The first is the iconic example of twentieth-century popular food culture that married the kitsch of “Little Oscar” to one of the brands parents trusted enough to put in millions of school lunchboxes. I have a Wienermobile whistle in my desk drawer. I never stop enjoying my friend and colleague Doug Moe’s story of interviewing the man responsible for creating the famous jingle, “I wish I were an Oscar Mayer wiener.” “Lunchable” is an actual word. “My bologna has a first name, it’s O-S-C-A-R.” And on and on. Oscar Mayer was an American success story. And its home was here.
The second component is a little less fun. Processed foods started getting an increasingly, and well-deserved, bad rap. And Oscar Mayer was an easy poster child for the worst of processed food. Now, let me confess; despite my very best efforts, dozens of stories and jokes and warnings galore, I am incapable of not liking hot dogs. My Milwaukee-bred preference is Usinger’s. But I can’t walk past Gray’s Papaya on 72nd and Broadway in New York City without stopping in for a hot dog. National Coney Island is my guilty airport pleasure of choice in Detroit. A dog and a beer, please, at any ballpark anywhere. But after more than a dozen years of drinking the Slow Food Kool-Aid (wow, how’s that for a mixed metaphor?), I have to advise: Do as I say, not as I do. The processed-food industry is a questionable investment strategy, particularly for a city that wants to be known as healthy.

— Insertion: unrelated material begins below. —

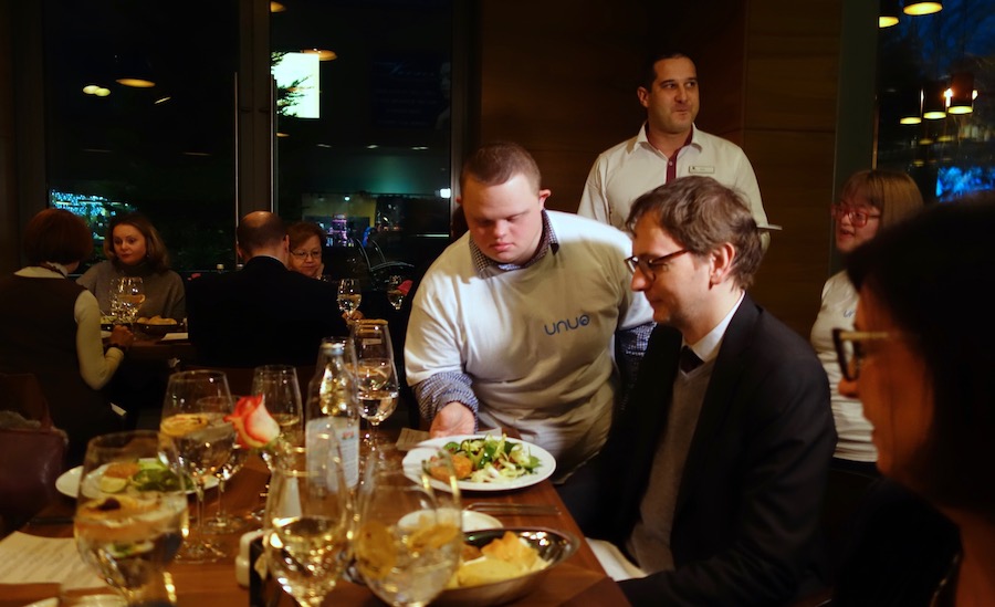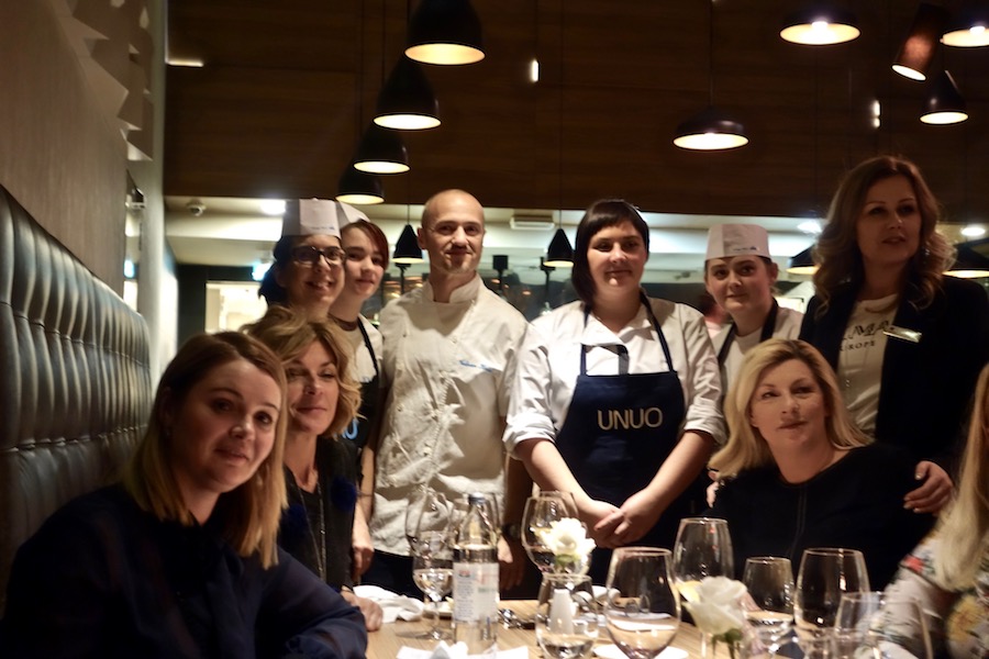 Vlasnica murterskog restorana Fine Food Murter Gracia Horvatin, Luka Šešlek i Juraj Obad kao prvo glavno jelo večeri poslužili su Goveđi jezik sous vide s pireom od celera, a kuharica Melania Toman s Marijom Matešom i Viktorom Glihom pripremila je fini confit od pačjih bataka s orzottom i pjenicom od cikle. Cijela večera bila je sjajno iskustvo, u dobroj atmosferi i enegiji, sve je teklo glatko, a gosti su uživali u dobroj hrani, vrlo korektnim Krauthakerovim, Zdjelarevićevim i Deklićevim vinima i nadasve u šarmantnoj posluzi. Desert slatičarke Sanje Sajko, zlevku s kremom od sira i crumbleom od maslaca, u čijoj su pripremi sudjelovali Milica Karas, Đuro Zgajilac i Ana Kočka, odlično je zaokružio ovu lijepu i optimističnu večer. Kulinarsko mentorstvo i rad Vedrana Habela s osobama s invaliditetom jedna je od najvrjednijih inicijativa u hrvatskom ugostiteljstvu. Jer ugostiteljstvo je biznis kroz koji se, zbog njegove naravi i ubrzanog rasta, u tržište rada može uključiti značajan broj ljudi koji kreću s težih početnih pozicija. Ono što na tom području rade ljudi poput gospodina Habela, različitih udruga ili kompanija poput Valamara, pokazuje kako se to može učiniti, a večere visokoh profila poput ove koju je kao partner UNUO-a u utorak navečer priredio Hilton Double Tree trebale bi biti primje kako to uključivanje promovirati i vrednovati.

But the most important and meaningful reflections I have of Oscar Mayer are its people, its leaders, and its contributions to the civic infrastructure, philanthropic interests and community assets of our city and region. Take away the logo and the Lunchables and you still have a legacy of corporate citizenship and a workplace environment of giving back that has marked Oscar Mayer since it arrived in Madison in 1919. I got to meet a fair number of company leaders, including the late Hal Mayer and more recent presidents like Rick Searer and Nick Meriggioli. Heck, then-University of Wisconsin–Madison chancellor Donna Shalala plucked fortune-changing former athletic director Pat Richter from Oscar’s fertile corporate offices. All were or are seriously good people, smart, thoughtful, caring and generous.

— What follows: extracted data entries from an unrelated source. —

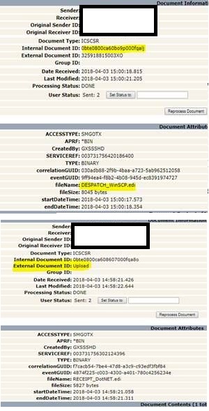I have attached the information received from the client. When using the WinSCP software, he gets a unique External Document Id (as per the top screen shot, even though he's highlighted Internal Document Id!).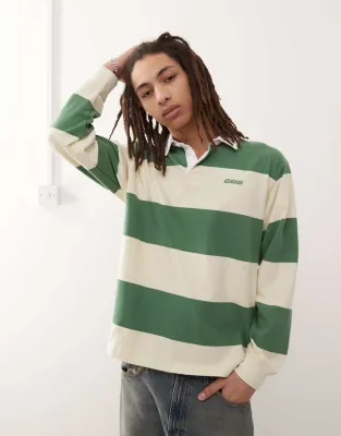 Vans Ward striped rugby top in green and yellow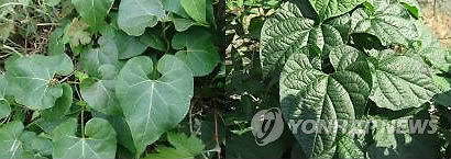 | △ 제주도 농업기술원이 제주산 백수오는 진짜라며 백수오와 이엽우피소 구별 방법을 안내했다. 왼쪽은 백수오 잎으로 단면이 매끄러우며, 오른쪽은 이엽우피소 잎으로 단면이 거칠다.(제주도 농업기술원 제공 ) |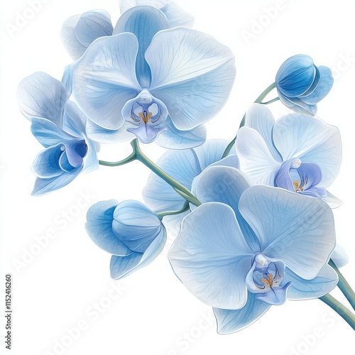 © Ishika, Fototapeta premium a close-up of light blue orchid flowers on a white background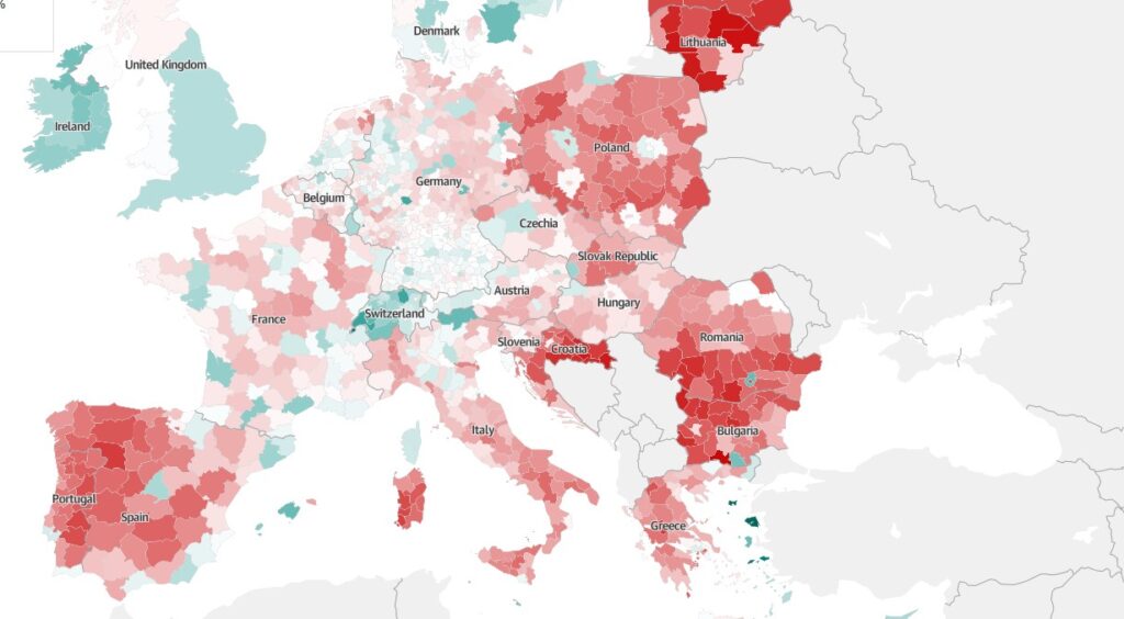 Unutar nacionalnih granica, ruralna područja će snositi glavni teret predstojećeg demografskog opadanja EU-a. U narednih 80 godina, mnogi bi se zaseoci mogli suočiti s istom sudbinom kao Camini u južnoj Italiji.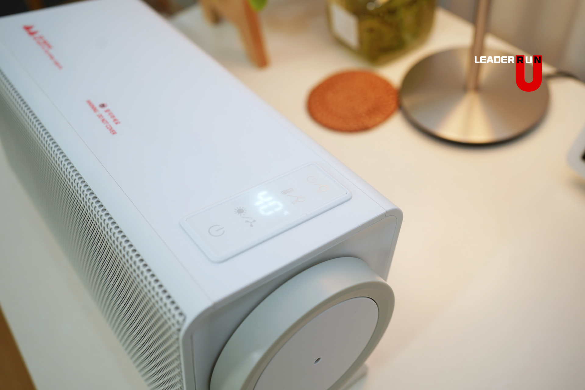 전면에 위치한 터치패널을 통해 송풍 / 온도조절 / 잠금 / 히터 강약 / 타이머(1~9시간) / 무드등 설정이 가능합니다.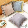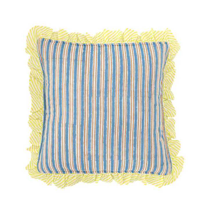 ブロックプリントがかわいいボア付きカバー すっきりしたストライプにフリルでほんの少しの甘さをプラスしました。 一見シンプルに見えますが、柄のかすれ具合やズレなど、手作業ならではの味わいがあたたかみを感じられるブロックプリントでプリントされたこだわりのストライプ柄です。 裏側がボアになっているので、暖かい手触りです。 「ブロックプリント」は木版を使って、職人がひと版ひと版、手でスタンプを押すように生地の上にプリントするインドの伝統的な技法です。 ※表示数量を超える在庫や、詳しい納期につきましてはメッセージよりお問い合わせください。

It’s interesting that for as well known as the name and brand were, the company often kept a surprisingly low profile when it came to its many community contributions. For every sponsorship of United Way of Dane County’s Day of Caring or gift of an east-side baseball field, Oscar Mayer made scores of community-changing gifts for which it deflected direct credit. That modesty too was a reflection of its hometown.

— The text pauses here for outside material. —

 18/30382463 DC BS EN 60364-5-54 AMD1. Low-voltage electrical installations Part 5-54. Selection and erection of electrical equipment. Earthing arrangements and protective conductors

Oscar Mayer was also one of the first and most committed companies to promote diversity. African Americans in particular were visible in high-level management positions. The problem was that corporate kept promoting them to bigger jobs in Oak Park, or Chicago, and we couldn’t keep that talent here.
It’s a loss to be sure. Thankfully, Madison has never been a one-company town like Peoria (Caterpillar) or Toledo (Ball Glass). But Oscar Mayer has helped define our town for a century, and its influence and impact will be felt for that long or more.